Sonra birden, hiç anlamadığım ve hiç beklemediğim bir anda sırtıma çarpan rüzgârı hissedip belime dolanan ellerle havalandım. Adrian beni sıkı sıkı tutuyordu ve göğe doğru yükseliyordu. Siktir! Bu çok ürkütücüydü. Kurtulmak istercesine çığlık atıp var gücümle debelendim, etkilenmedi. Karnıma sarılan elleri biraz daha sıklaştı, sırtımı iyice göğsüne bastırdı. Sert nefesini ıslak saçlarımda hissediyordum.

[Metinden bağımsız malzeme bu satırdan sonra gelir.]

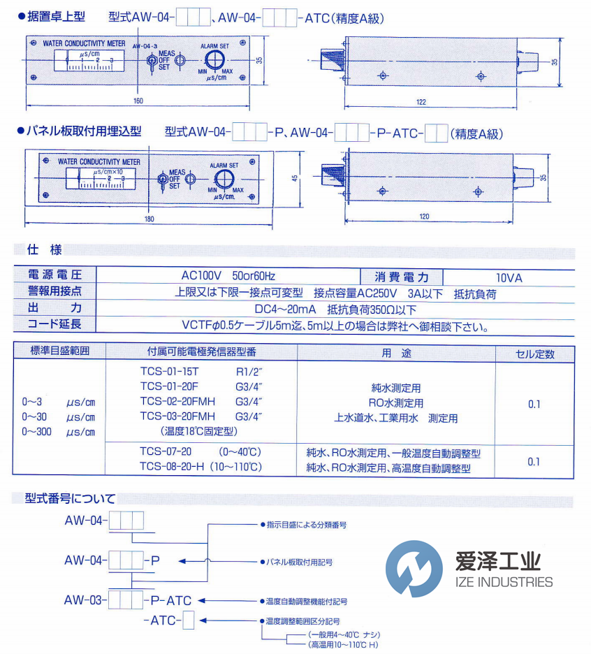 T.I.C.KEISOKUKIKOGYO电导率仪AW-04系列选型

Gerginlik, korku, endişe ve uçmanın verdiği aptal heyecan yüzünden karnıma ağrılar saplanıyordu. Adrian’ın melek olduğunu öğrendiğim andan beri uçmanın nasıl olacağını merak etmiş, böyle bir anın hayallerini kurmuştum, inkâr edemezdim. Ama asla bu şekilde olacağını düşünmemiştim. Korkacağımı, daha doğrusu Adrian'dan korkacağımı hiç ama hiç düşünmemiştim. Kurtulma içgüdüsüyle yeniden çığlık atıp çırpındım, beni daha sıkı kavradı. Düşmemem için bunu yaptığını biliyordum ama artık canım yanmaya başlamıştı.

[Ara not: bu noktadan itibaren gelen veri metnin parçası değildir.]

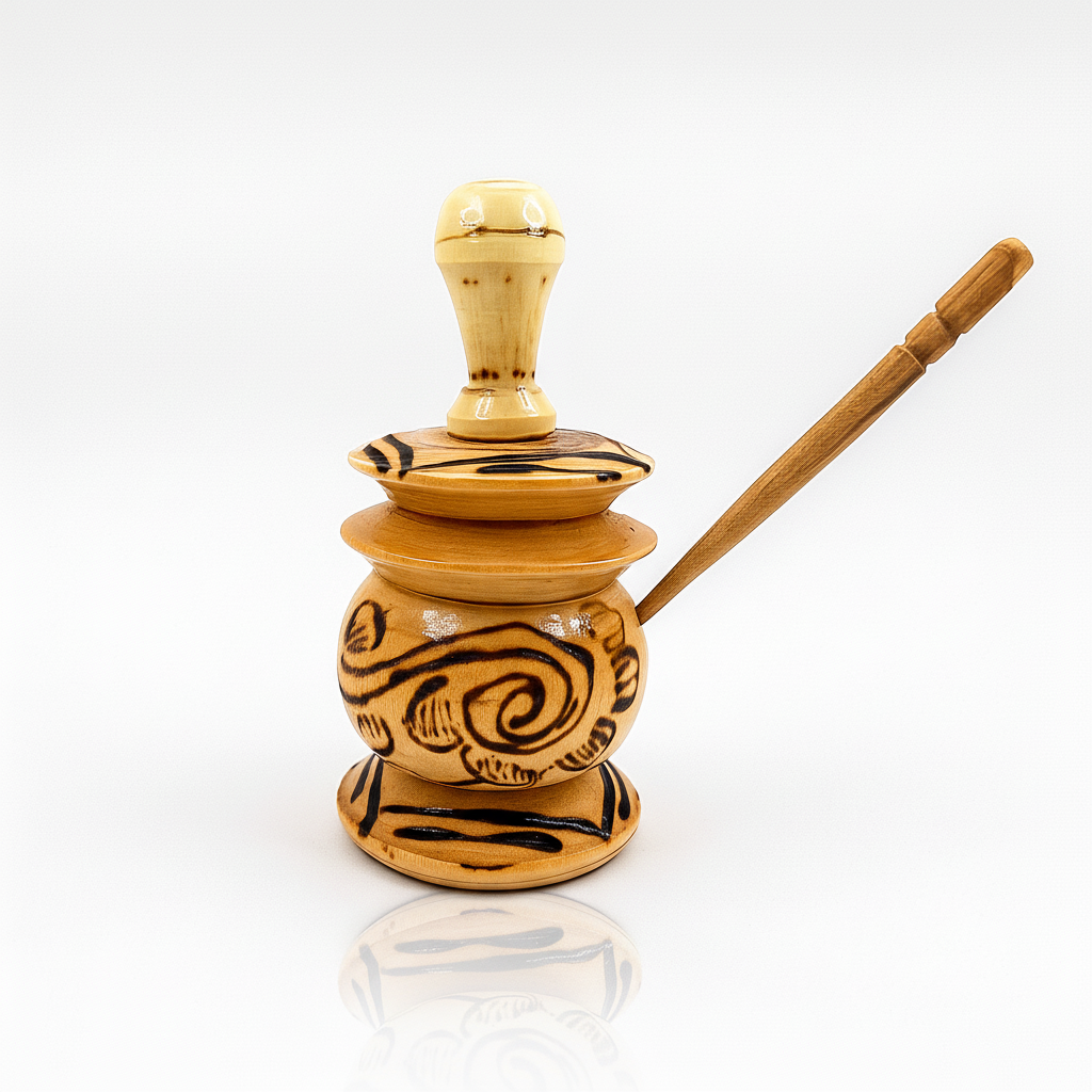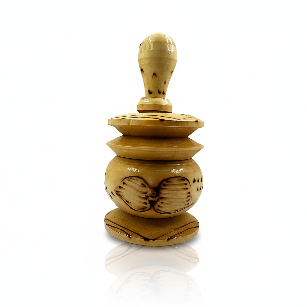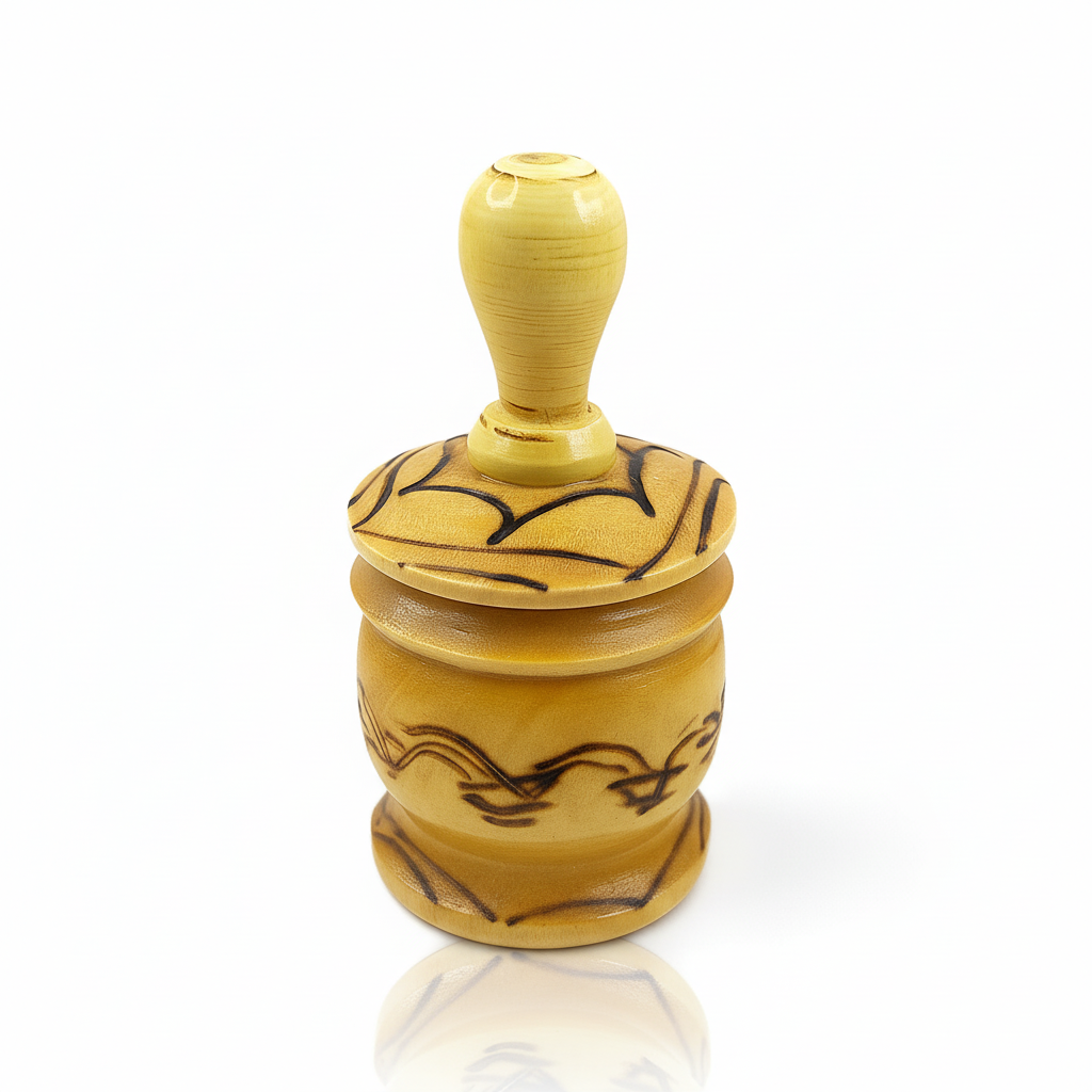 Handgefertigter Khol-Behälter aus Holz, kunstvoll verziert

“İstediğin kadar çığlık at, kim seni benim elimden alabilir?” dedi kulağıma doğru. Saç köklerimden parmak uçlarıma kadar titredim, kanın kokusu burnuma doluştu. Kızıl saçlarıma Adrian'ın çenesinde kalan kurdun kanı bulaştı. Karnıma bastırdığı ellerini çözmek için uğraşan ellerim kanla ıslandı. Dehşet tüm vücudumu kuşandığında yeniden çığlık atmaktan kendimi alamadım. Bu elimde olmadan yaptığım bir şeydi.
“Küçük kalbin adeta çırpınıyor,” dedi hâlâ aynı tehlikeli tınıyla. Sanki hiç tanımadığım bir yabancıydı. “Korkuyor musun Rheana?”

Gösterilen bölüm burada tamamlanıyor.